There are those threads for inspiration: The role of distributions &/or Unix flavors, where does pkg management stands, The big research I did on distros, pkg management, what do you expect, what you wished you had, and GoboLinux and Package Management, but none specifically about writing package managers and the details in it. Please be sure to take a look at those threads too.
z3bra
Grey Hair Nixers
@sth, you bring an interesting point with your manifest file: metadata.

Which one to have ?
How to store them ?
What to do with it ?

I think the bare minimum is the name, version and list of installed files. Take out any of those and the package manager cannot do its duty. I chose to only include these for this reason. I'm however interested in hearing what you include in the manifest, and your reason for it ☺
sth
Long time nixers
metadata
(27-05-2020, 03:49 PM)z3bra Wrote: @sth, you bring an interesting point with your manifest file: metadata.

Which one to have ?
How to store them ?
What to do with it ?

I think the bare minimum is the name, version and list of installed files. Take out any of those and the package manager cannot do its duty. I chose to only include these for this reason. I'm however interested in hearing what you include in the manifest, and your reason for it ☺

other than the future issue of dependencies, the only important thing i include that you didn't mention are file permissions, and that's due to the way i've decided to approach setting up directories.
that being said, i've considered changing it so that all files installed go into a specific directory (like /usr/local/s3pkg/<packagename>/) and then just creating symlinks to the binaries in /usr/local/bin or something. it would probably be a good idea to do that for a 'secondary' package manager like this, to avoid potential conflicts with the system's package manager.
the alternative to that, which is what i have done, is to allow the package maintainer to choose where the files should be installed, but also to keep track of any directories created explicitly for the purposes of installing the package, so that they can be cleanly removed later without affecting parent directories. i believe that info is documented in the MANIFESTS.md file in my repo but maybe it's not too clear.

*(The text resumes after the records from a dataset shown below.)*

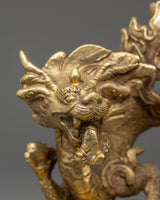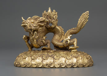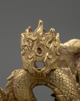 This finely made brass dragon candle holder is a striking display item that combines cultural richness and spiritual symbolism. It measures 11.5 cm in height, 15.5 cm in breadth, and weighs a substantial 1.86 kg, making it suitable for both practical use and religious adornment. The dragon sits on a flowery foundation and exudes royal strength, making it ideal for altars, meditation places, and spiritual shrines.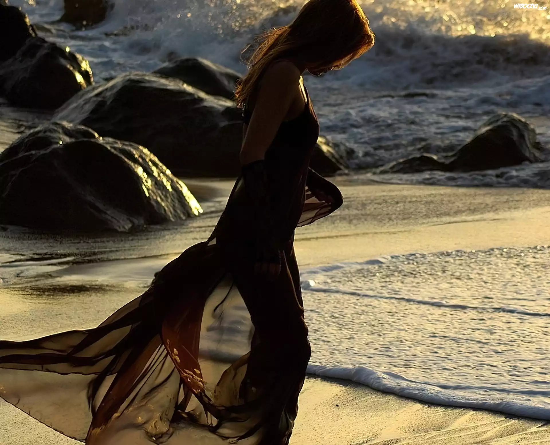 Zdjęcia, Kobieta, Plaża, Morze, Fale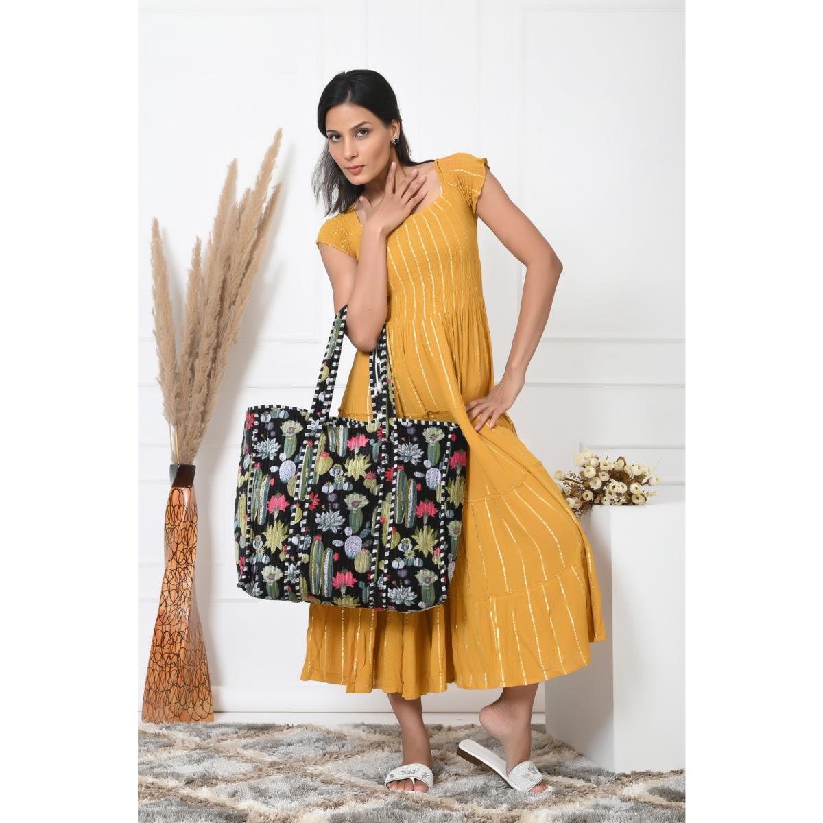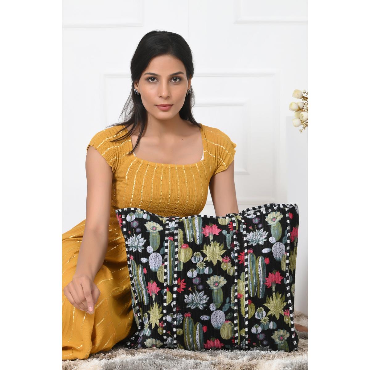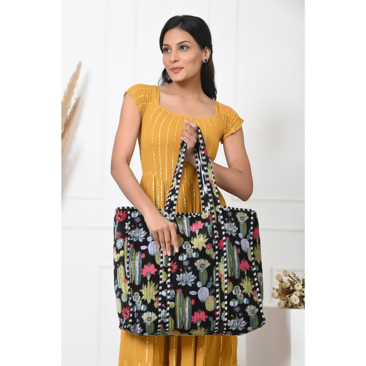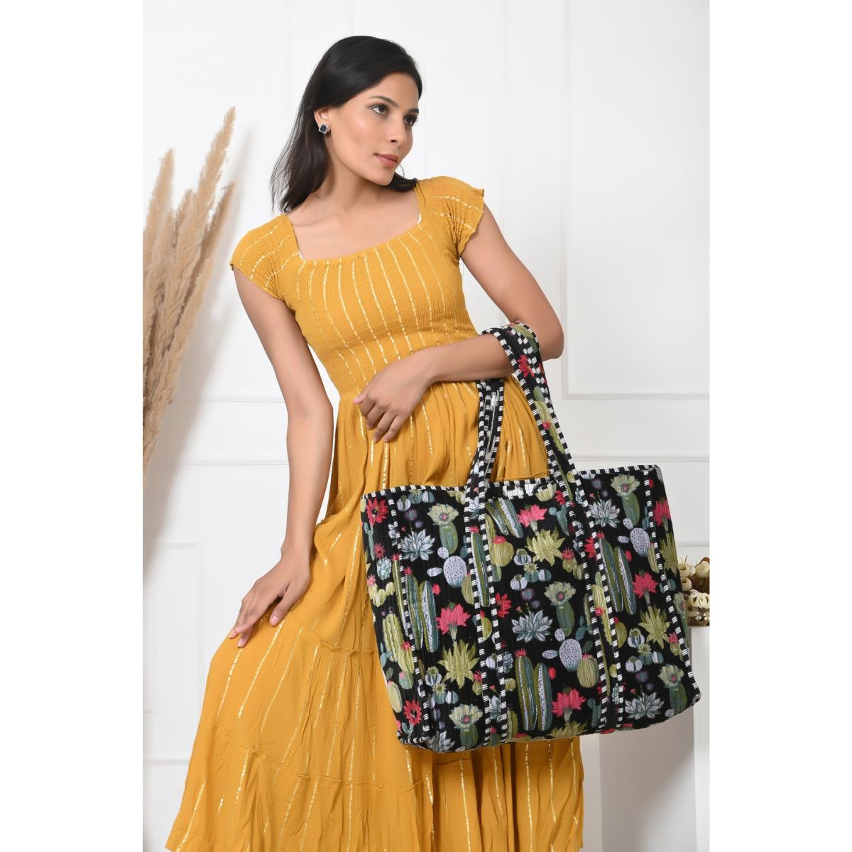 Introducing our Tote-ally Amazing Tote!Step into a world where elegance meets functionality with our meticulously handcrafted tote bags, a labor of love from Indian artisans using luxurious quilted cotton. These versatile totes are designed to elevate your everyday adventures while supporting sustainability. At a generous 18 x 18 inches, our bags offer ample space to carry all your essentials. With a convenient 25-inch shoulder strap, transportation is comfortable and hassle-free.

either way it comes down to an architectural decision, and there are benefits and drawbacks to both approaches :)
z3bra
Grey Hair Nixers
(28-05-2020, 06:05 PM)sth Wrote: i've considered changing it so that all files installed go into a specific directory (like /usr/local/s3pkg/<packagename>/) and then just creating symlinks to the binaries in /usr/local/bin or something.

An even cooler idea would be to use an union FS mount point. Some internet friends made a distro a while back, and they had this idea (certainly ripped off plan9), to install every package in a particular place, say /packages/NAME/{bin,man,lib}, and then union mount it directly on /.

The cool stuff about union mount is that it merge all the mount points together, and you can even specify which one will be written to in can someone writes to /bin. For example in /opt/custom/bin …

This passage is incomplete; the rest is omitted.